Disabling the tests and claiming success
Beyond that, I’ve experienced multiple times different models happily
disabling the tests or adding a
println!("TODO add testing here")
and
claim success. At least this one is easier to mitigate with a second
agent doing code review before it gets to human review.
Sandboxing
The “can I do X” prompting model that various interfaces default to is seriously flawed. Anthropic has a recent blog post on Claude Code changes in this area.
My take here is that sandboxing is only part of the problem; the other part is ensuring the agent has a reproducible environment, and especially one that can be run in IaaS environments. I think devcontainers are a good fit.
I don’t agree with the statement from Anthropic’s blog
without the overhead of spinning up and managing a container.
I don’t think this is overhead for most projects because Where it feels like it has overhead, we should be working to mitigate it.
Running code as separate login users
In fact, one thing I think we should popularize more on Linux
is the concept of running multiple unprivileged login users.
Personally for the tasks
I
work on, it often involves building
containers or launching local VMs, and isolating that works
really well with a full separate “user” identity. An experiment
I did was basically
useradd ai
and running delegated tasks
there instead. To log in I added
%wheel ALL=NOPASSWD: /usr/bin/machinectl shell ai@
to
/etc/sudoers.d/ai-login
so that my regular human
user could easily get a shell in the
ai
user’s context.
I haven’t truly “operationalized” this one as juggling separate git repository clones was a bit painful, but I think I could automate it more. I’m interested in hearing from folks who are doing something similar.
Parallel, IaaS-ready agents…with review
I’m today often running 2-3 agents in parallel on different tasks (with different levels of success, but that’s its own story).
It makes total sense to support delegating some of these agents to work off my local system and into cloud infrastructure.
In looking around in this space, there’s quite a lot of stuff. One of them is Ona (formerly Gitpod). I gave it a quick try and I like where they’re going, but more on this below.
Github Copilot can also do something similar to this, but what I don’t like about it is that it pushes a model where all of one’s interaction is in the PR. That’s going to be seriously noisy for some repositories, and interaction with LLMs can feel too “personal” sometimes to have permanently recorded.
Credentials should be on demand and fine grained for tasks
To me a huge flaw with Ona and one shared with other things like Langchain Open-SWE is basically this:
Sorry but: no way I’m clicking OK on that button. I need a strong and clearly delineated barrier between tooling/AI agents acting “as me” and my ability to approve and push code or even do basic things like edit existing pull requests.
Github’s Copilot gets this more right because its bot runs as a distinct identity. I haven’t dug into what it’s authorized to do. I may play with it more, but I also want to use agents outside of Github and I also am not a fan of deepening dependence on a single proprietary forge either.

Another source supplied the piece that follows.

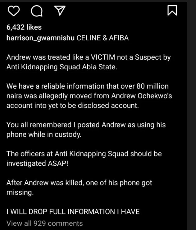 In a riveting post, he exposed a disturbing facet of the investigation, said despite being a prime suspect, Mr. Andrew was allegedly accorded undue empathy by the Anti-Kidnapping Squad in Abia State, casting doubt on the integrity of their handling of the case.

So I think a key thing agent frontends should help do here is in granting fine-grained ephemeral credentials for dedicated write access as an agent is working on a task. This “credential handling” should be a clearly distinct component. (This goes beyond just git forges of course but also other issue trackers or data sources that may be in context).
Conclusion
There’s so much out there on this, I can barely keep track while trying to do my real job. I’m sure I’m not alone – but I’m interested in other’s thoughts on this!